[Stored data]
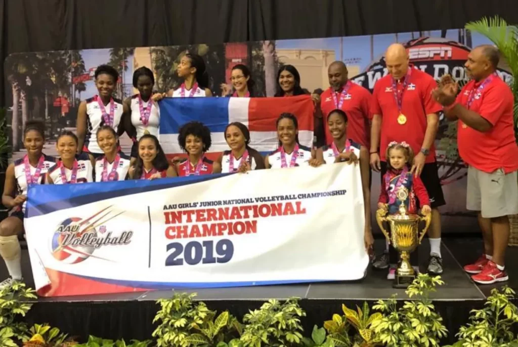 ORLANDO, FLORIDA.-El equipo de voleibol femenino Sub-20 de la República Dominicana se coronó campeón de la División Internacional del 46.° Campeonato Juvenil Nacional de Voleibol de la AAU por tercer año consecutivo el lunes.
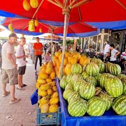 Wir suchten einen Bäcker und plötzliche standen wir mitten auf einen Basar. Überall wurde laut gerufen und jeder preißte seine Wahre an. Wir schienen die einzigen Touristen weit und breit zu sein.Baca selengkapnya
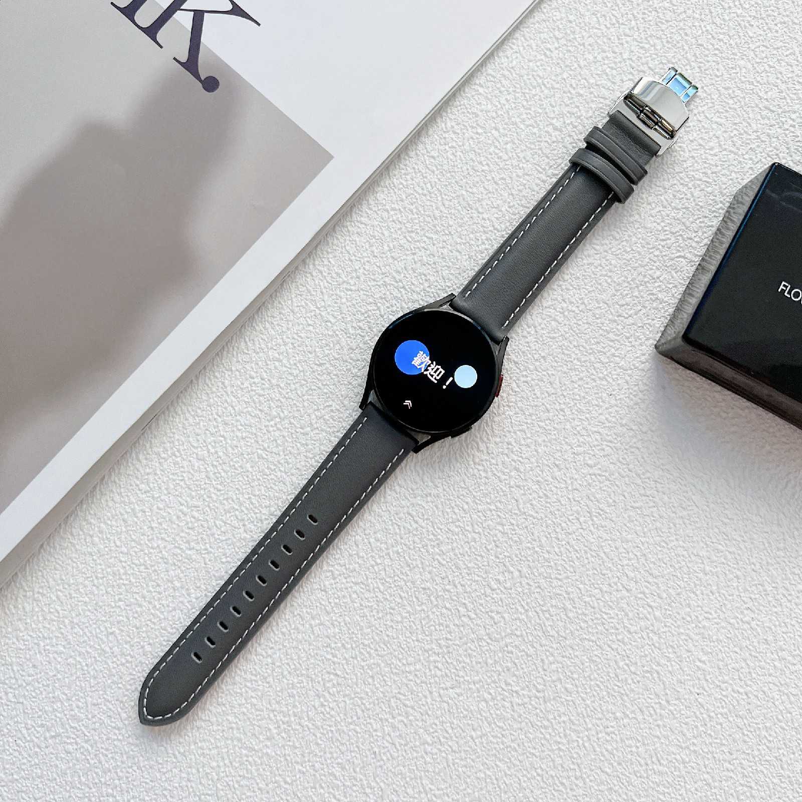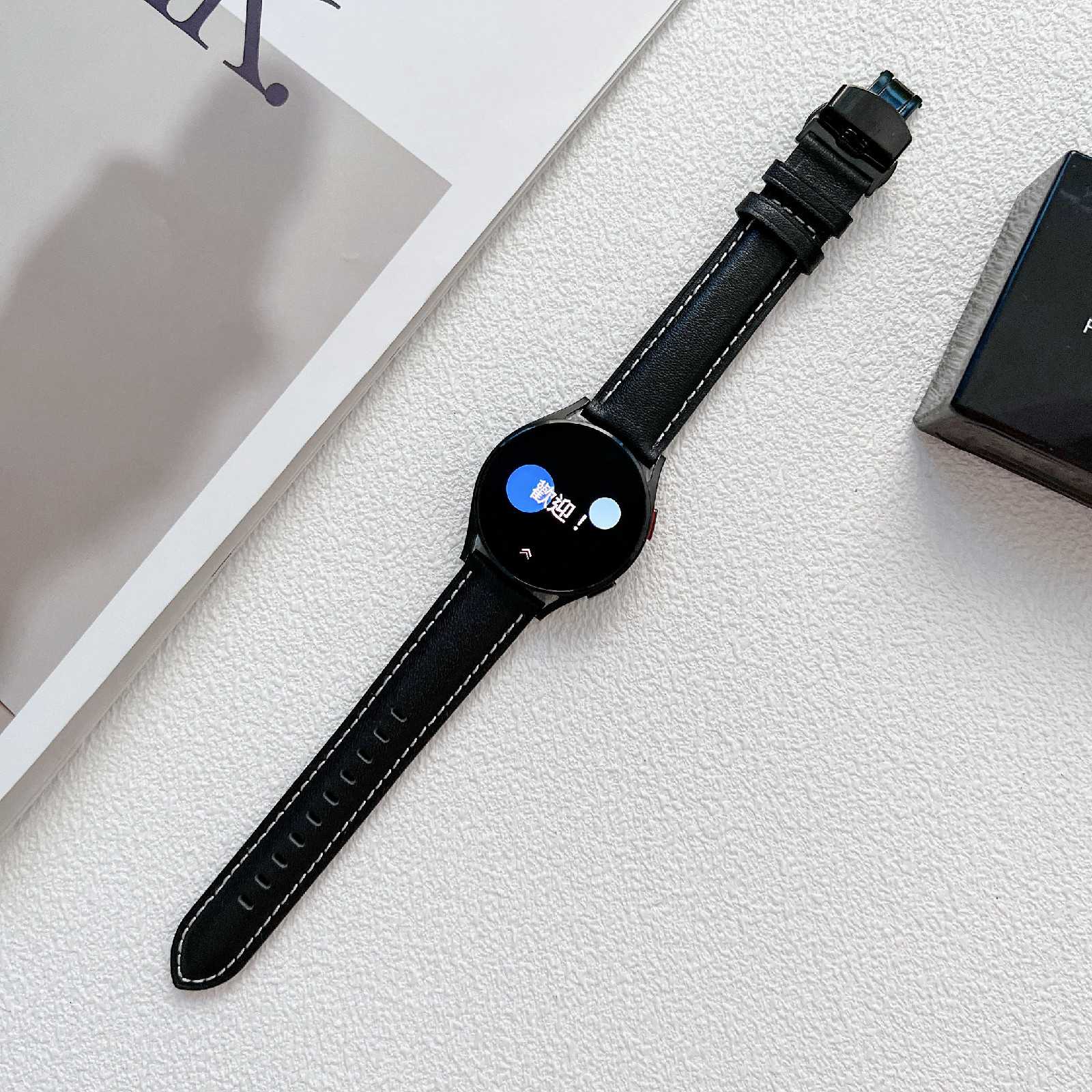 For Huawei Watch GT 3 Pro 46mm/Garmin Venu 2 22mm Stitching Line Genuine Leather Watch Band Strap Replacement

[Problem statement] Return the data above unchanged. Pictures are not part of the copy.

[Response to this task]
 ORLANDO, FLORIDA.-El equipo de voleibol femenino Sub-20 de la República Dominicana se coronó campeón de la División Internacional del 46.° Campeonato Juvenil Nacional de Voleibol de la AAU por tercer año consecutivo el lunes.
 Wir suchten einen Bäcker und plötzliche standen wir mitten auf einen Basar. Überall wurde laut gerufen und jeder preißte seine Wahre an. Wir schienen die einzigen Touristen weit und breit zu sein.Baca selengkapnya
 For Huawei Watch GT 3 Pro 46mm/Garmin Venu 2 22mm Stitching Line Genuine Leather Watch Band Strap Replacement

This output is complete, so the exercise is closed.